As a workaround I have written a small function, that checks the time since the rule was triggered last, so that is nor very pressing for me.

Andrew_Rowe · September 14, 2019, 3:41am

Thanks Scott for all you contribute!

hilbrand · September 14, 2019, 8:32am

DSL uses quartz, jython uses new rule engine Cron trigger. Based on your examples it looks like the step part in the Cron expression could have a problem. Because all the ones with the step have the problem, the other not. I did some tests and from that it looks the calculation of the Cron expression is correct. Also for the steps. This seems also logical given the behavior. Because how it works is. When a Cron task is finished the next iteration is scheduled. It does this by calculating in how many seconds to schedule the next call. For some reason either this calculation goes wrong and it’s scheduled to early or the scheduler itself does something wrong. So because of this the task is run to earlier. But then it calculates the next task and that will be the time it should have actually run. Which results in the task run twice. The core schedule part doesn’t contain much logging options, so this doesn’t give us any options there. It could be the number of threads available for the scheduler is to low in this case. But this is just a wild guess. So one option might be to increase the number of threads. I don’t know out of my head where to configure this, but it might be worth a try. I’ll also will have a second look at the scheduler code itself, to see if I can find anything suspicious.

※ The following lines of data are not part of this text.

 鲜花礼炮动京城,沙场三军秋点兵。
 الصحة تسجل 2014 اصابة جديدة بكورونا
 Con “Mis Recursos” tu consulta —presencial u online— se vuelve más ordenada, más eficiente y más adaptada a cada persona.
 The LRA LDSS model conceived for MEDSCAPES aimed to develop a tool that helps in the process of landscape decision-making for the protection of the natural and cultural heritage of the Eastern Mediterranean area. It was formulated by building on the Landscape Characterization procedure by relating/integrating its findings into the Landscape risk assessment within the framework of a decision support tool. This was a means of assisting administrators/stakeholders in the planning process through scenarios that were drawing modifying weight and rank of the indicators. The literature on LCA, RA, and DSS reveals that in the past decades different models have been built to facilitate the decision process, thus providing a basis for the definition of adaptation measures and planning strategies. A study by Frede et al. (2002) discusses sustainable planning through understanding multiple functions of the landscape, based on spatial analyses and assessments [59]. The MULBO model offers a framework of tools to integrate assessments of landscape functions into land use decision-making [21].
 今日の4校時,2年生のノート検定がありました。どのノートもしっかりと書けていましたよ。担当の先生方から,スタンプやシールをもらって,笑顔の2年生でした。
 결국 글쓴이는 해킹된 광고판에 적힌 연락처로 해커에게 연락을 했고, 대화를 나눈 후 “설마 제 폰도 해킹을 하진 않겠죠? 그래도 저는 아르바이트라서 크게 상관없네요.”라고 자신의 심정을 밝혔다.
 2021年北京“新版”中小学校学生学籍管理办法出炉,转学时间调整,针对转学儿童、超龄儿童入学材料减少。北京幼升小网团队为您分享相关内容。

5iver · September 14, 2019, 3:02pm

Is there a possibility that your system clock is being updated? What hardware are you using?

juelicher · September 14, 2019, 4:42pm

I am using a PC Engines APU4 Board with the AMD GX-412TC CPU and Debian 10, with all updates installed. The system has been rebootet several times after I first noticed the bug

The system time is synced via a ntp server. I thought about that, but it seems very unlikly, that this causes the same step of several seconds every day at the same time.

The error occured after updating from 2.4 release to 2.5M2, bevore that it never occured.

BigRedBrent · September 30, 2019, 4:22am

I moved my code over to Jython and have this problem as well. I have rules set to run once a day at midnight, once a week on Monday at midnight, and once a month on the first at midnight.

They are all triggering roughly 15 to 30 seconds before midnight and then triggering again at midnight.

I have created a script to ignore the first one if it is not more than 12 hours away from midnight, and this has allowed me to use the correct one. But it is very odd that this is needed when it was not before I moved away from DSL to Jython.

from datetime import datetime

def MillisecondsUntilMidnight():
    n = datetime.now()
    return 86400000 - ((n.hour * 3600000) + (n.minute * 60000) + (n.second * 1000) + (n.microsecond / 1000))

@rule("Daily Cron")
@when("Time cron 0 0 0 ? * * *")
def DailyCron(event):
    if MillisecondsUntilMidnight() < 43200000: return
    # do something here

I am running it on a QNAP TS-251+ with 8GB RAM:

I am using openhab 2.4.

I very much like coding in Jython though. It is so very much better than coding in Xtend.

rossko57 · October 1, 2019, 10:32am

That does seem to be another confirmation that something is up with NGRE scheduler.

It might be helpful if you can narrow down more precisely the range of the “earliness” trigger. @juelicher is getting a fairly consistent 5 seconds - if you get something of a different order, it could be a clue.

From what @hilbrand says, the new scheduler is completely different, which I did not realize.

BigRedBrent · October 1, 2019, 11:26am

I have been logging the times when they execute, so that shouldn’t be an issue for me to get the times. The earliness does not seem to be consistent for me though. Although I suspect the longer interval schedules may trigger earlier then those with smaller intervals. But I’ll have to look at them again to be sure.

When I get around to it, I’ll post the times that they have been triggering.

BigRedBrent · October 2, 2019, 3:02am

Here are the numbers that I have gathered so far.

Daily: Time cron 0 0 0 ? * * *
2019-09-29 23:59:43.547
2019-09-30 00:00:00.017
2019-09-30 23:59:24.621
2019-10-01 00:00:00.014
2019-10-01 23:59:43.731
2019-10-02 00:00:00.011
2019-10-02 23:59:24.621
2019-10-03 00:00:00.109

Weekly: Time cron 0 0 0 ? * MON *
2019-09-29 23:59:43.551
2019-09-30 00:00:00.015

Monthly: Time cron 0 0 0 1 * ?
2019-09-30 23:59:08.145
2019-10-01 00:00:00.020

That is 16, 35, 16 and 16 seconds early for daily, 16 seconds early for weekly, and over 51 seconds early for monthly. The time stamps I am taking look like they are accurate within 200 milliseconds.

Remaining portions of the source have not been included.